The double album Rock of Ages, and the epic “rockumentary” film The Last Waltz, were personal favorites of mine. The Last Waltz was directed by some guy named Martin Scorsese, and I never heard what happened to him after that. Wonder where he is now, he seemed so talented.
There are many differences between the lives of the truly creative and we Ordinary Mortals. One that stands out today is that Robertson is just as alive to me now as he was last week. When an O.M. passes, those closest to them grieve, but no one else in the universe is the wiser or feels any sense of loss.
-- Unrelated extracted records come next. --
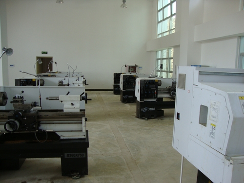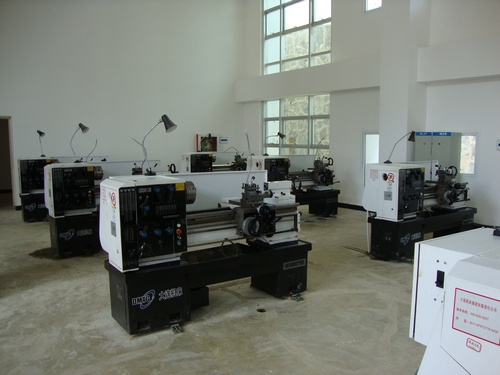 我系金工实训室于2011年开始投建,2012年初建成并投入使用。实训室占地面积约500平方米。主要设有车工实训车间和钳工实训车间。配置的主要仪器设备有立式钻床1台、数控车床1台、普通车床7台、以及钳工工位30个,能同时容纳40名余名学生进行实训实习。目前该实训室主要承担学院机械制造及自动化专业和相关专业的实训教学任务。另外还能承担数控机床及应用、数控加工工艺、数控编程、机床设备应用与维护、金属切削刀具等课程的实践教学。。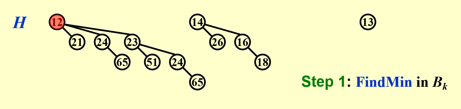 FindMin操作(找到最小值)\(\Rightarrow\ O(\log N)\) - 假设在 \(B_k\) 中找到最小值,那么将 \(B_k\) 从二项堆 \(H\) 中移除,剩下的二项堆记作 \(H'\) \(\Rightarrow\ O(1)\)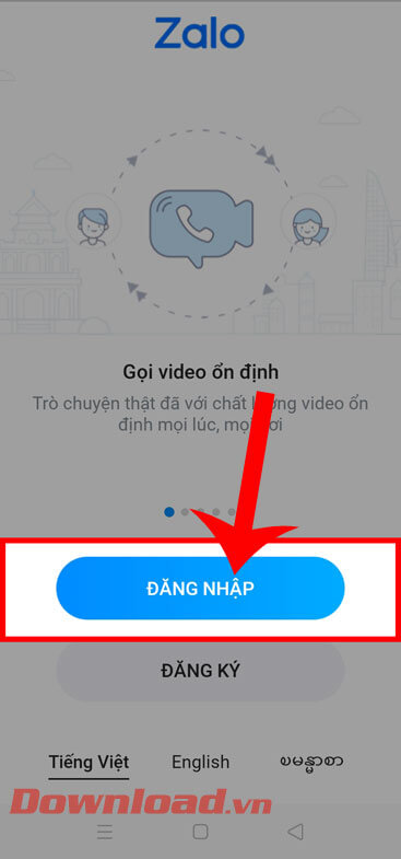 Bước 1: Đầu tiên, mở ứng dụng Zalo trên điện thoại của mình lên. Tại màn hình đăng nhập của ứng dụng, nhấn vào nút Đăng nhập.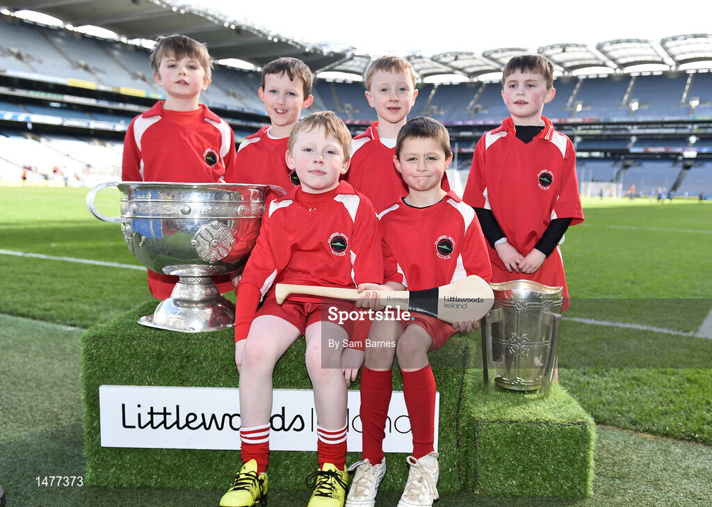 3 April 2018; Players from Ballenstragh Gaels GAA, Co Wexford, pictured with the Sam Maguire and Liam MacCarthy Trophies during Day 1 of the The Go Games Provincial days in partnership with Littlewoods Ireland at Croke Park in Dublin. Photo by Sam Barnes/Sportsfile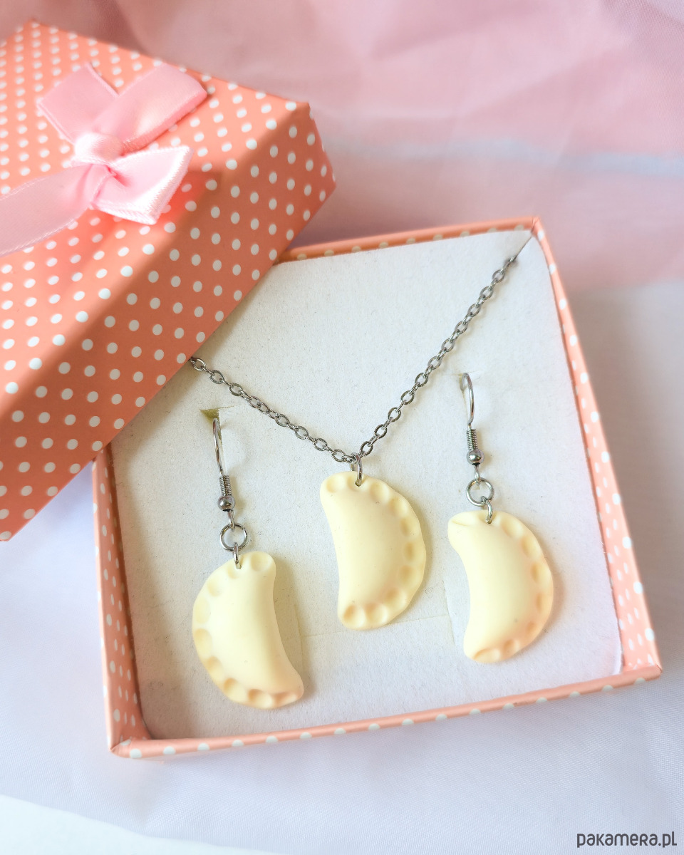 Te kolczyki zostały ulepione ręcznie z wysokiej jakości glinki polimerowej i wykończone biglami ze stali szlachetnej lub srebra ( do wyboru). To ciekawy pomysł na upominek z okazji urodzin dla nastolatki lub wielbicielki pierogów i polskiej kuchni.

I never met Robbie, was not his friend or relative – all of my connections to him were through listening to his music, and all of those works remain behind for me to enjoy as his legacy, unchanged. I can sit down with my iced coffee this afternoon out under the ash tree in the backyard and crank up his playlist and – lo and behold – time and mortality haven’t intruded. That part of him will never die for as long as recorded music is played.
I do have one anecdote involving The Band’s music. In 1972 my family and I went camping on Kelley’s Island, Ohio. We took the ferry from Toledo to the island on a Thursday and enjoyed two peaceful, sleep-filled nights in our tent after spending the days exploring the area.
And then came Saturday, which is forever ensconced in memory as Black Saturday. All afternoon the ferry kept unloading boatload after boatload of revelers who moved into “our” campground, which was by evening filled to capacity with loud people and cases of Budweiser. At 4 A.M., as I lay unable to sleep while the speakers on the roof of the Volkswagen camping in the space next to our tent played The Band’s first album over and over, I contemplated violent acts.
The first such series of acts would be to take my (imaginary) sniper rifle equipped with a night-vision scope and begin shooting all of the boomboxes I could locate. The next series would involve picking off the owners of those pestilential boomboxes, one by one.
Looking back I am glad that I had no firearms with me, as I would probably still be a guest of the state of Ohio, in a barred-window accommodation that would almost surely afford me fewer opportunities to choose the music I would like to play than I now enjoy.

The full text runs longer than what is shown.